Purged K-Fold Cross Validation

Standard K-Fold CV randomly shuffles data into folds — but time series data is not i.i.d.! Nearby observations are correlated, and labels often span multiple time periods (e.g., a 20-day forward return). This creates data leakage: the training set contains information that "bleeds" into the test period.

Purged K-Fold CV (from de Prado, 2018) fixes this with two mechanisms:

Purging: Remove training samples whose labels overlap with the test period — eliminates direct lookahead bias
Embargo: Remove a buffer of training samples after each test block — accounts for feature leakage (e.g., rolling averages that include test data)

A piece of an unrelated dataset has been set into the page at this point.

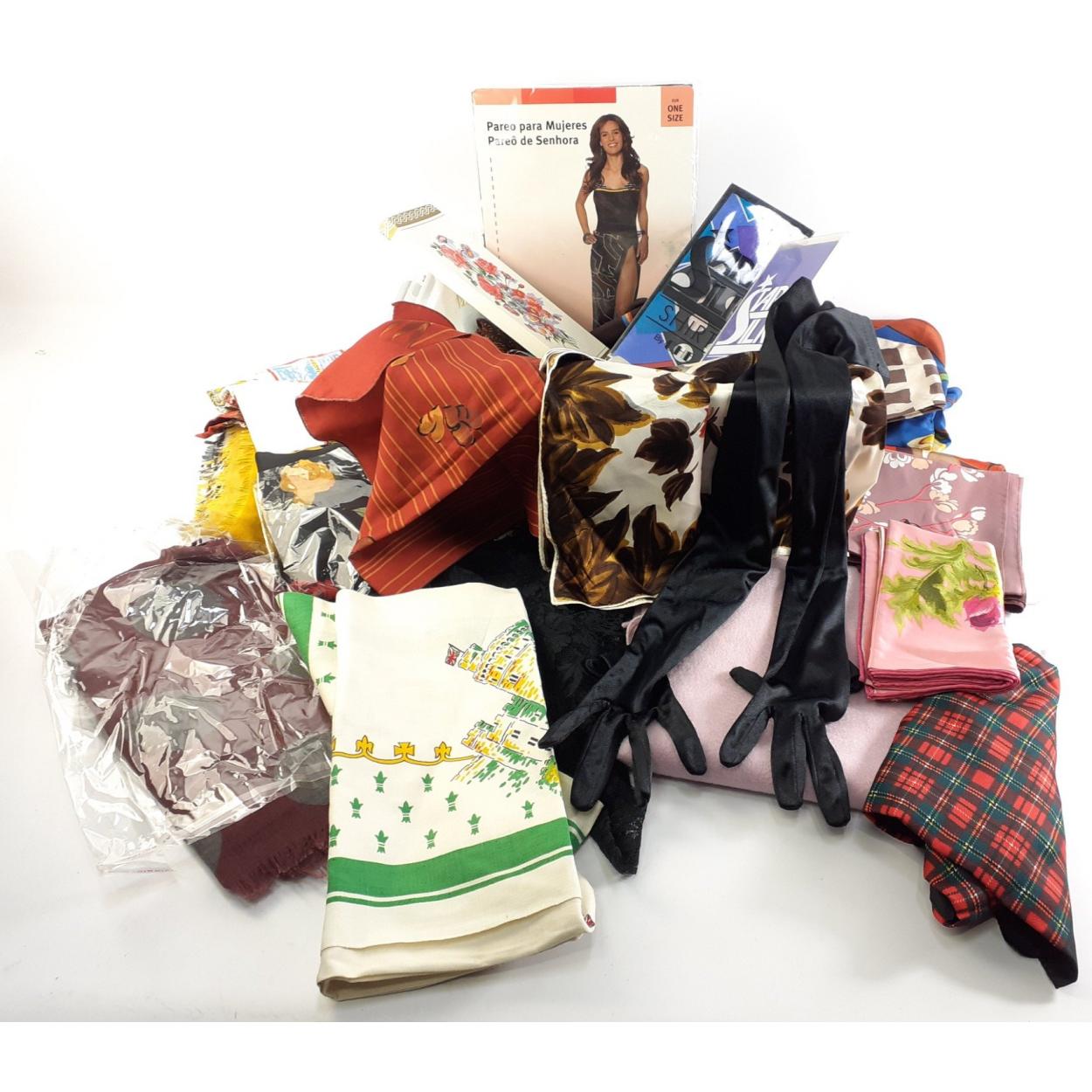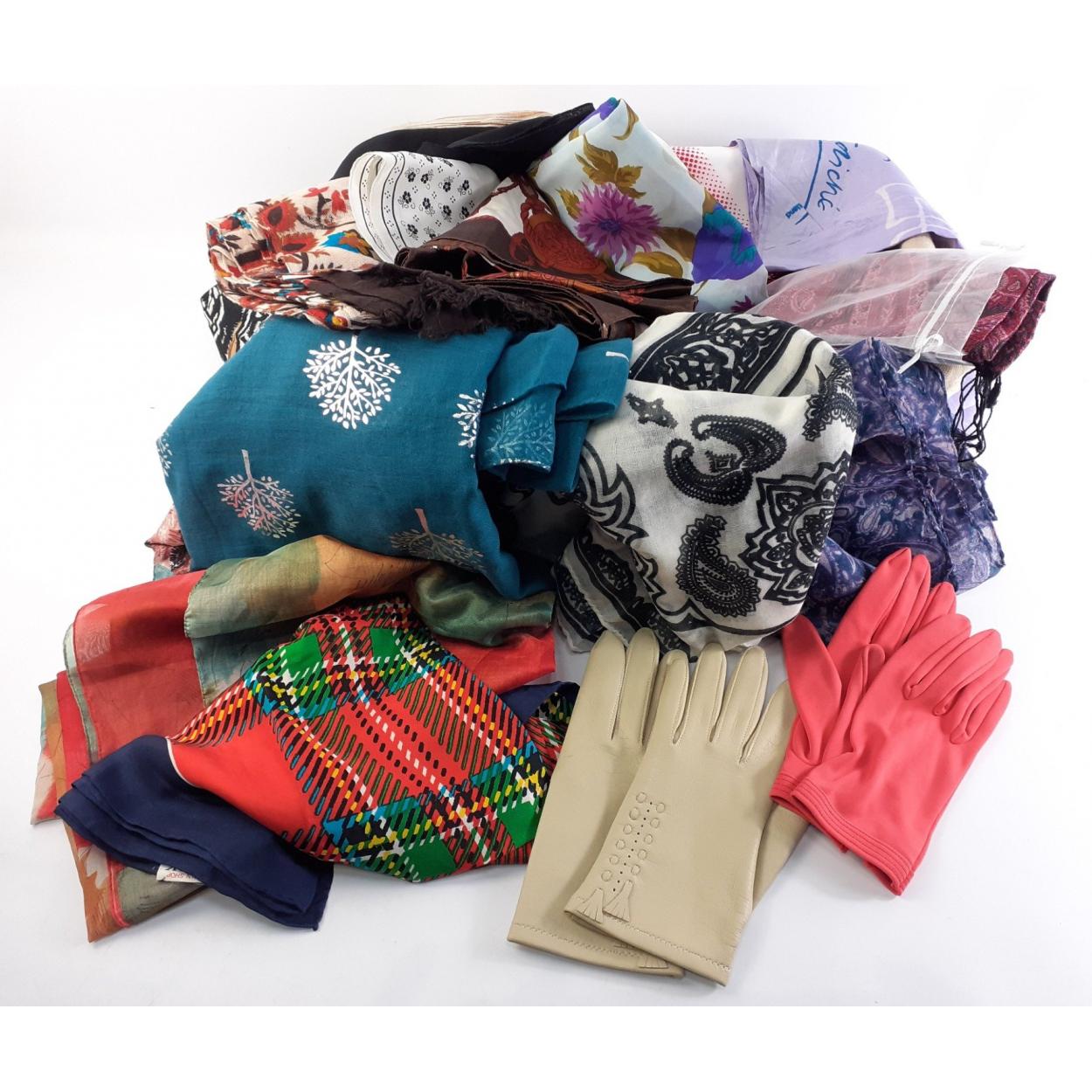 A collection of scarves and shawls to include a BARBOUR lambswool scarf, evening gloves and a mantilla. Something for everyone.

⚠ Why Not Standard K-Fold?

With time series, standard K-Fold allows future data to train the model. Even if folds are contiguous, labels that span multiple bars create overlap between train and test sets. Purging and embargoing are essential to get an honest out-of-sample estimate.

Folds (K): 5

Purge size: 2

Embargo size: 1

Train

Test

Purged

Embargo

Unused

Key Insight

Purging removes training samples whose label resolution period overlaps the test set, while embargo removes samples immediately after the test set whose features may contain test-period information. Together, they prevent both direct and indirect data leakage.

Walk-Forward Cross Validation

Walk-Forward CV respects the temporal ordering of time series by always training on past data and testing on future data. It comes in two variants:

Expanding Window: Training set grows over time — each split adds more historical data. Uses all available past data, but training cost increases with each split.
Rolling (Sliding) Window: Training set has a fixed size that slides forward — drops the oldest data as new data is added. Better for non-stationary data where old patterns may be irrelevant.

Splits: 5

Min train size: 5

Test size: 2

Train

Test

Unused

Key Insight

Expanding window uses all available history for training, making it data-efficient. However, it produces only a single backtest path, making it hard to assess overfitting. Old patterns may dominate if the data is non-stationary.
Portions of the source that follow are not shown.